The screwdriver and police radio were merely introduced into evidence as items found upon arrest. They were not, as defendant urges, introduced to indicate or infer the commission of other crimes. Similarly, the possession of money by defendant, introduced without objection, did not suggest or infer other crimes.
5 Officer Shetler's testimony regarding his recognition of defendant's license plates and his continued surveillance of defendant's vehicle was admissible as part of the sequence of events concerning this burglary and defendant's subsequent arrest. People v. Hubbard.
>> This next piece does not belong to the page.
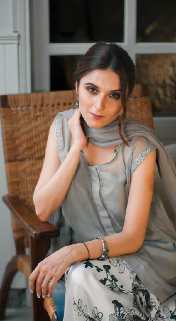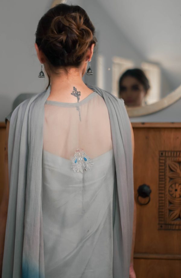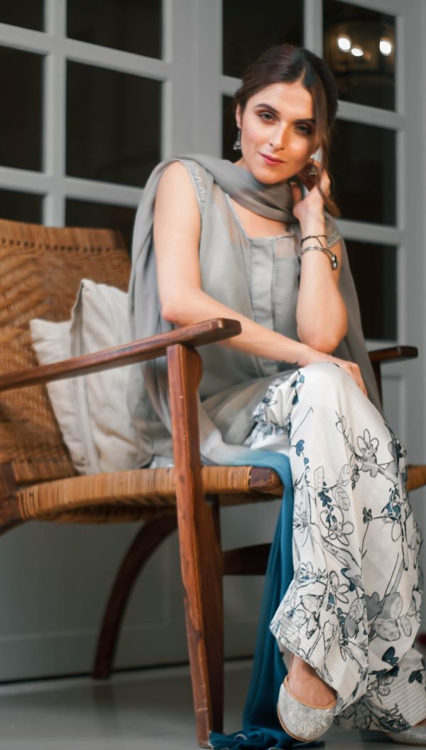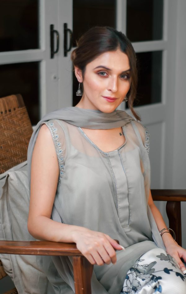 LUXURY GREY CHIFFON SHIRT WITH INTRICATE ZARI RESHAM WORK AND PRINTED SILK SHALWAR, PERFECT FOR SPECIAL OCCASIONS.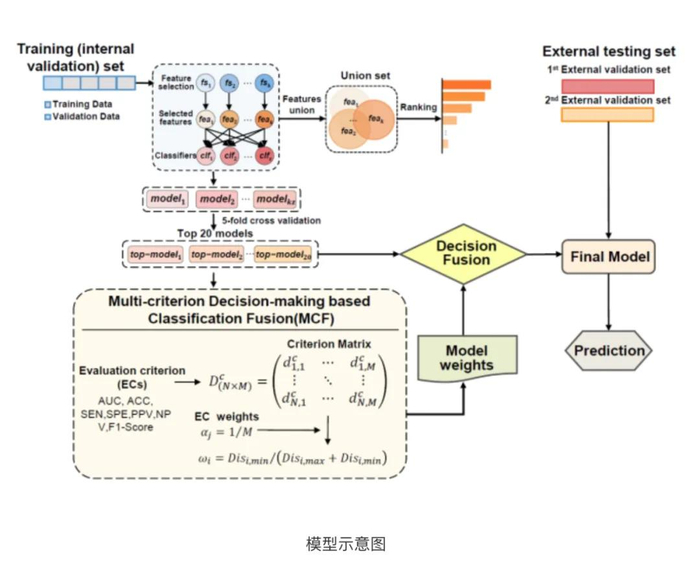 使用基于多标准决策的分类融合(MCF)风险预测框架建立了一个模型,该模型结合了20个AI分类模型的估计值,以形成为卵巢癌诊断开发的综合预测工具。该工具在内部验证集(3,007人)和两个外部验证集(5,641人和2,344人)上进行了评估。主要结果是该模型在识别卵巢癌方面的预测准确性。

6 Defendant also complains that the loaded revolver found in the pillowcase was improperly introduced into evidence. We initially note that the weapon was not admitted into evidence, but was exhibited to the jury. More importantly, a weapon not used in committing the crime in question may be the subject of testimony concerning the details of the arrest and also may be admitted into evidence. (People v. Longstreet (1974), 23 Ill. App.3d 874, 320 N.E.2d 529.) The revolver found in the pillowcase was the proper subject of prosecution testimony. And if exhibiting the weapon could be considered error, it did not constitute prejudicial error.
Defendant finally contends that the trial court erred in denying the motion to quash the arrest and to suppress the evidence seized in the arrest.
7 A peace officer may arrest a person when the facts and circumstances justify his believing that an offense has been committed and that the person arrested has committed the offense. (People v. Robinson (1976), 62 Ill.2d 273, 342 N.E.2d 356.) In the present case, the police officer knew that a burglary was in progress in the immediate area. He observed a vehicle with license plates he recognized as belonging to a burglar. He knew the plates were registered for a different vehicle. The officer saw defendant carrying a white bag enter a vehicle. The officer then observed defendant commit two moving traffic violations. Thereafter, defendant drove in speeds up to 90 mph in attempts to evade the officer. The officer had reasonable grounds to arrest defendant.
For the reasons stated, the judgment of the circuit court of Cook County is affirmed.
SIMON and McGILLICUDDY, JJ., concur.